The low prevalence of EBF (34%) is an alarming public health concern that requires robust interventions to save lives of children and economy in SSA as it has the highest child mortality (55–75%) attributable to poor EBF [16]. To the best of our knowledge, there is limited research about the drivers of inappropriate EBF in SSA. It is in this regard our study aims to find out the factors influencing EBF in SSA using a nationally representative data from the Demographic Health Survey (DHS) program.
Study objectives
To assess the prevalence and predictors of EBF in SSA using DHSs.
Methods and materials
Study design and data source
A cross-sectional study design using the most recent DHS data of 25 SSA countries from 2010 to 2023. This data set is a representative survey usually conducted in an interval of 5- years in low - and middle-income countries (LMICs) globally [25]. Respondents of these surveys are recruited using a multistage random sampling method and samples are generally representative at the national, residential (urban-rural) and regional (counties, cities, etc.) levels. This comprehensive data collection strategy used by the DHS programme has been detailed in the DHS website (https://www.dhsprogram.com/Methodology/Survey-Types/DHS-Methodology.cfm) and in a previous study [25].
Study population and sample
The study included 17,431 (weighted sample = 17000) youngest living children aged below 6 months and living with their mother and their respective mothers. The data were obtained from the DHS website’s children record (labelled KR file) [26]. Supplementary Table 1 shows the distribution of the samples by countries.
Study variables
The outcome variable for this study was EBF of infants less than 6 months of age. EBF is a feeding practice where infants are exclusively fed with breastmilk without anything else for the first 6 months of life [1]. The EBF was coded as 0 “No EBF” and 1 “EBF”. The guide to recoding the EBF variable is described in literature [27].
The independent variables for the study were classified into child factors, maternal factors and community level factors. The child factors only focused on the youngest child age 0–5 months living with the mother. These include child age, child’s sex, birth weight, birth order, child had fever or diarrhoea two weeks prior to the survey. Maternal factors included maternal age, religion, marital status, parity, birth interval, maternal educational level, maternal occupation, wealth index, age at ANC registration, number of ANC visits, frequency of listening to radio, frequency of reading newspaper/magazine, frequency of watching television, and overall exposure to any form of traditional media. These variables were considered because of their statistically significant relationships with EBF factors in previous studies [28,29,30].
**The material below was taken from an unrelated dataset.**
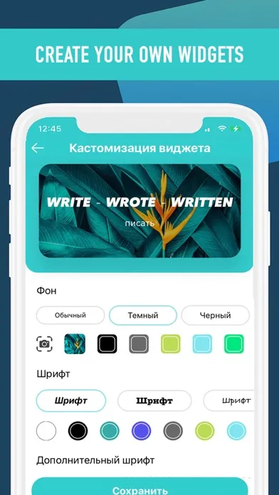Word Widget is really easy to use, any widget can be added and customized in a matter of seconds. Also customize the style of the widget to your liking! Not enough widget? Add push notifications and set up a convenient sending time for each set

The community level factors include place of residence, community level of education, community level of poverty, community media exposure, and SSA sub-region. The DHS do not collect data that can directly be described as community level data except for place of residence. Therefore, the community-level data were generated using the individual level responses within a cluster and the average used for categorization [31]. For instance, suppose in one cluster, the average years of education is 8 years. If a woman’s education level is below 8 years, she is coded as part of a “low-education” community. If her education level is 8 years or higher, she is coded as part of a “high-education” community. Again, let’s say the average wealth index in a community is 2.5 on a scale of 1 to 5, where a lower score indicates lower poverty. If a woman’s wealth index is 2.6 or higher, she is in a “high wealth” community. If her index is below 2.5 or lower, she falls into a “low-wealth” community.
Data analysis
The study analysis used multi-step approach including a univariate, bivariate and multivariate analysis. In the first step of the analysis, frequencies and proportions were used to summarize the prevalence of EBF among the demographic groups. Pearson’s chi-square test was used test the association between EBF at a 95% confidence interval (CI) at a significance level of p ≤ 0.05.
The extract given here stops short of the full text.